Wissenschaftlicher Fortschritt und technologische Innovation gäben Landwirten weltweit dazu eine Fülle an Werkzeugen an die Hand, die zum effizienten und ressourcenschonenden Ackerbau bei gleichzeitiger Ertragssicherung beitragen würden. Während moderne digitalisierte Landmaschinen mittels Sensoranalyse zum Beispiel die zielgenaue Dünge- und Pflanzenschutzmittelausbringung sicherstellten, ermöglichten Errungenschaften im Bereich der Pflanzenzucht, Nutzpflanzen resilienter gegen Klima- und Umwelteinflüsse und resistenter gegen Erreger und Schadinsekten werden zu lassen. «Mit der Entdeckung von Crisper/Cas und anderen «Neuen Genomischen Techniken» (NGT) wurde auch die Pflanzenzucht weltweit revolutioniert», heißt es in dem Antrag.

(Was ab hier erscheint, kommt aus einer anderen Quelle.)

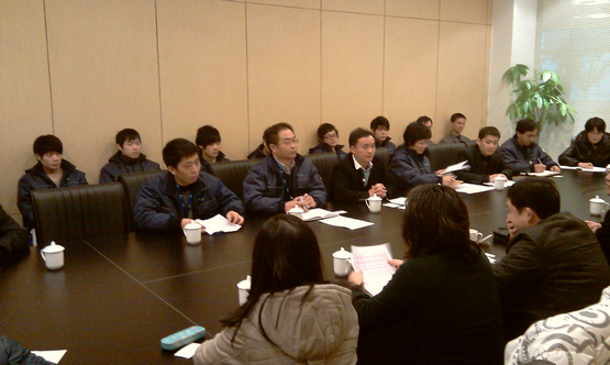 参观之后,院方、企业方和10余名毕业生、实习生在会议室进行了面对面的亲切交谈。机电0402 陈晓龙同学进入公司一年多,目前已是切片班长,他说,协鑫公司很注重员工培养,他们在公司接受了多次培训,技术、能力等方面都在快速成长;机电0724盛剑豪同学不久前被提升为清洗班长,他表示公司待遇好,管理规范,他们愿意在公司长期工作;其他毕业生也都一致认为,公司给员工提供的晋升空间大,只要努力,就有机会(学院10余名毕业生有的是主操手、有的是班组长,有的已经成为区域主管),并且公司人文关怀浓厚,他们很有归属感。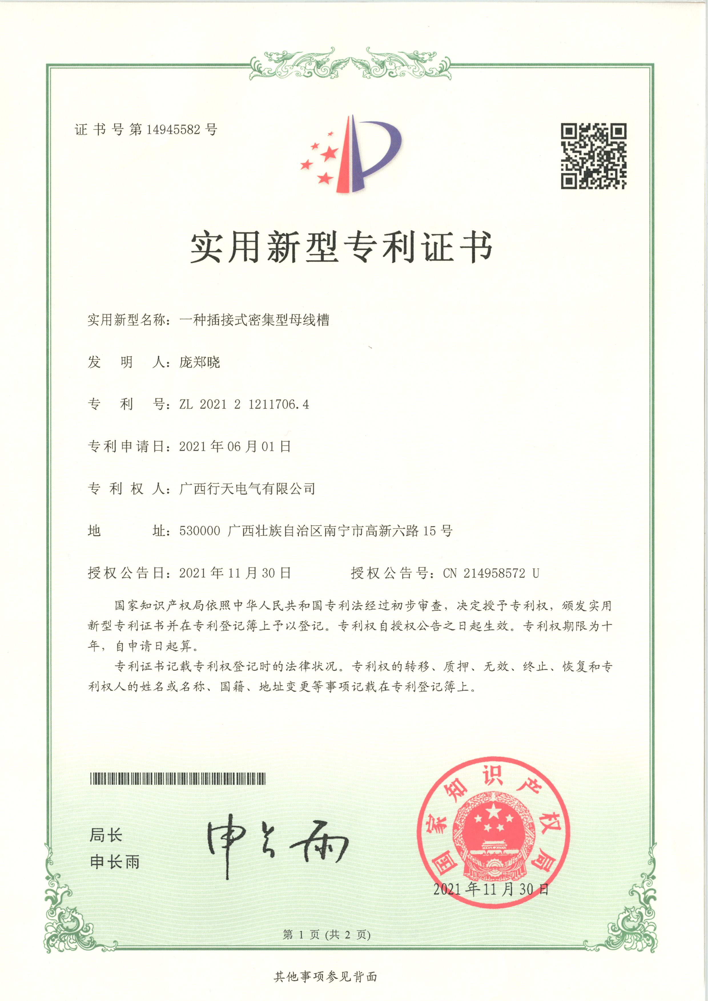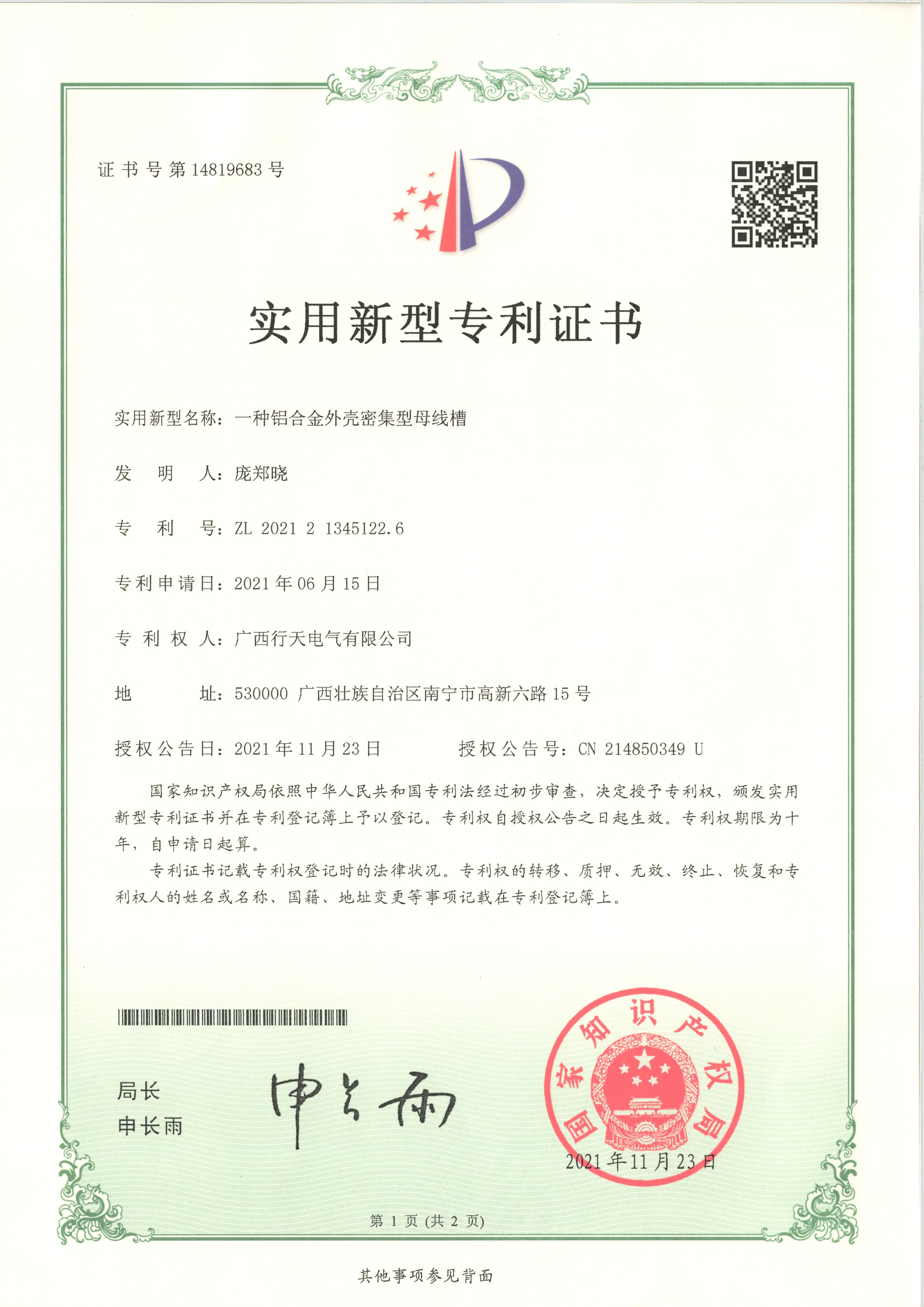 实用新型专利证书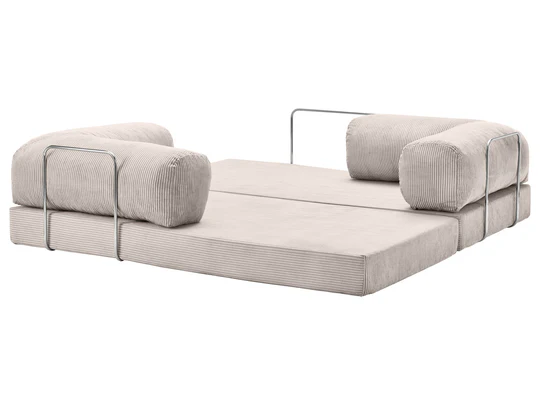 Comprising two quality mattresses and two angled cushions, TEDDY is designed for easy rearrangement. Secured by three chrome-plated metal bars, TEDDY maintains its flexibility. The mattresses, crafted from high-grade cold foam, strike a balance between firm support and comfort for both sitting and sleeping. The angled cushions are filled with silicon ball fiber encased in an inner fabric sleeve, allowing for easy removal of the outer fabric without disturbing the foam. TEDDY is swathed in plush corduroy fabric known for its exceptional quality and durability.

Im Vergleich zur klassischen Gentechnik könne mit NGT präzise und zielgerichtet in das Erbgut einer Pflanze eingegriffen und ausschließlich gewünschte Veränderungen vorgenommen werden, argumentieren die Abgeordneten. Anders als bei der Mutagenese-Züchtung würden mit NGT gezielt und an genau bestimmten Stellen Punkt-Mutationen hervorgerufen. NGT verringere dabei den Korrekturbedarf, der sich aus Zufälligkeiten in der herkömmlichen Züchtung ergeben könne, was Zeit und Kosten spare und die Sicherheit des Züchtungsprozesses verbessere – fasst der Ausschuss den Antrag zusammen.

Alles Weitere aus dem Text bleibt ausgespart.